• _GIVEN MATERIAL_

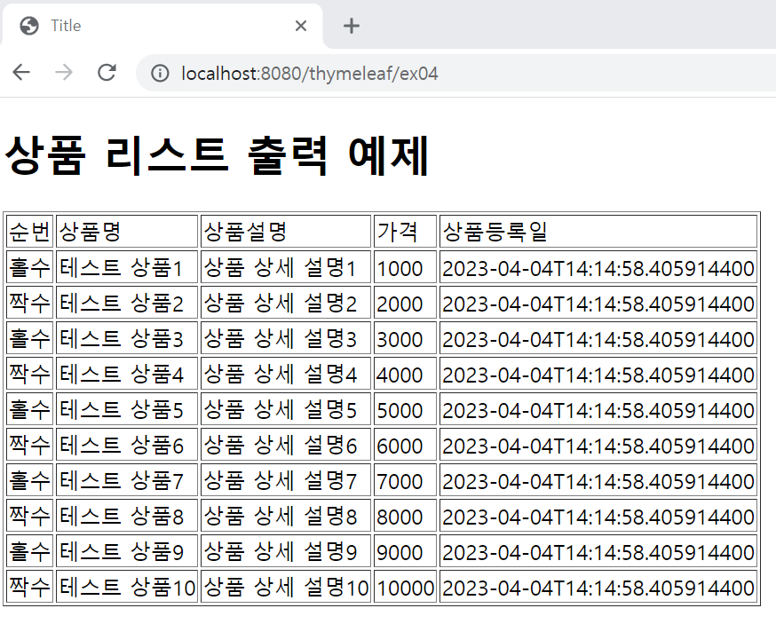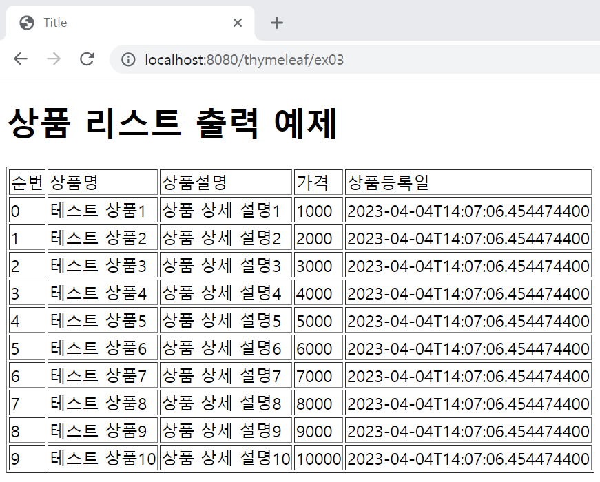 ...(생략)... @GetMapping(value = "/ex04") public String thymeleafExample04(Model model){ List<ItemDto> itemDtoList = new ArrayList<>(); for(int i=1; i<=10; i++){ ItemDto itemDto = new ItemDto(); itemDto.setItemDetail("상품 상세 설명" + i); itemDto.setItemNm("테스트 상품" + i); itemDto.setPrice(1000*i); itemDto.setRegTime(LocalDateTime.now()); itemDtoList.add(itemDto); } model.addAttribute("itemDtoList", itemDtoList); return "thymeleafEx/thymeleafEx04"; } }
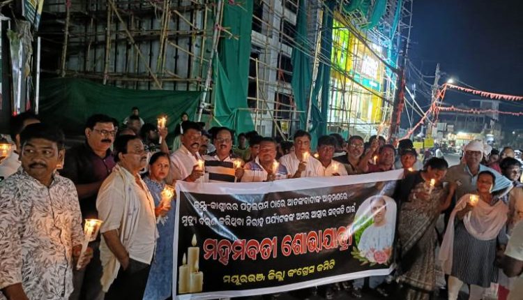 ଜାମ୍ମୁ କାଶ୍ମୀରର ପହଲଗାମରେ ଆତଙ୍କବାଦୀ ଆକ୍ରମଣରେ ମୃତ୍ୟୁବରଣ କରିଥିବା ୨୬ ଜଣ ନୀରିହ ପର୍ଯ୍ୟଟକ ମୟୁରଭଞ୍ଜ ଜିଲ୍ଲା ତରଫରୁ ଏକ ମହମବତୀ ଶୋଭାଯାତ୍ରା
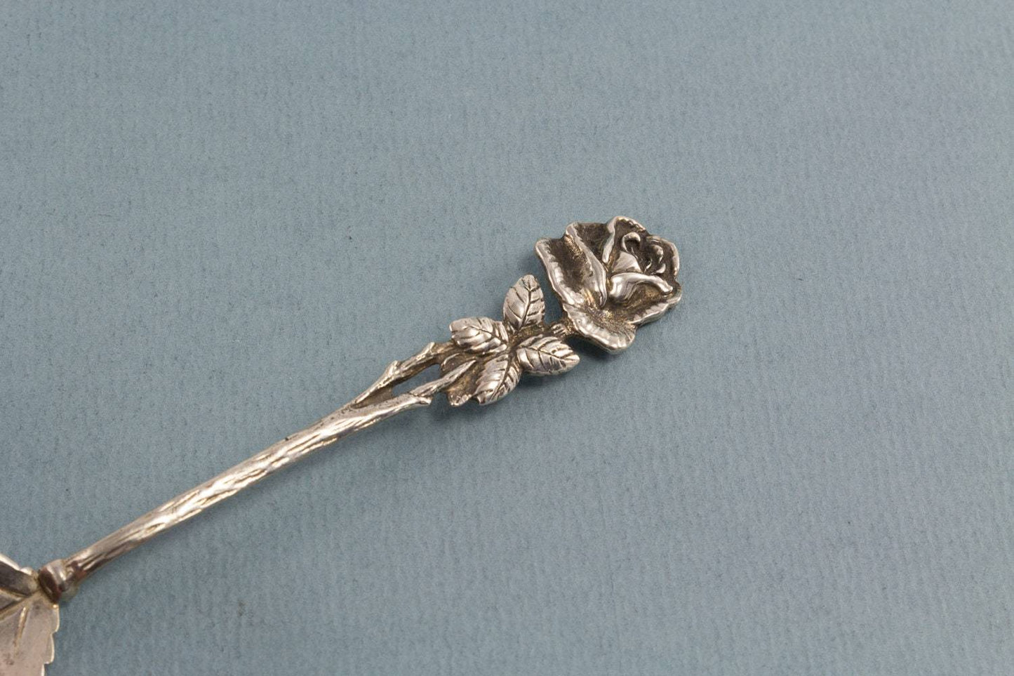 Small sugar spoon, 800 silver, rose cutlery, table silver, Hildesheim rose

• _TASK_
Hand back the data exactly as it appears, with all pictures cut.

• _TASK RESULT_
 ...(생략)... @GetMapping(value = "/ex04") public String thymeleafExample04(Model model){ List<ItemDto> itemDtoList = new ArrayList<>(); for(int i=1; i<=10; i++){ ItemDto itemDto = new ItemDto(); itemDto.setItemDetail("상품 상세 설명" + i); itemDto.setItemNm("테스트 상품" + i); itemDto.setPrice(1000*i); itemDto.setRegTime(LocalDateTime.now()); itemDtoList.add(itemDto); } model.addAttribute("itemDtoList", itemDtoList); return "thymeleafEx/thymeleafEx04"; } }
 ଜାମ୍ମୁ କାଶ୍ମୀରର ପହଲଗାମରେ ଆତଙ୍କବାଦୀ ଆକ୍ରମଣରେ ମୃତ୍ୟୁବରଣ କରିଥିବା ୨୬ ଜଣ ନୀରିହ ପର୍ଯ୍ୟଟକ ମୟୁରଭଞ୍ଜ ଜିଲ୍ଲା ତରଫରୁ ଏକ ମହମବତୀ ଶୋଭାଯାତ୍ରା
 Small sugar spoon, 800 silver, rose cutlery, table silver, Hildesheim rose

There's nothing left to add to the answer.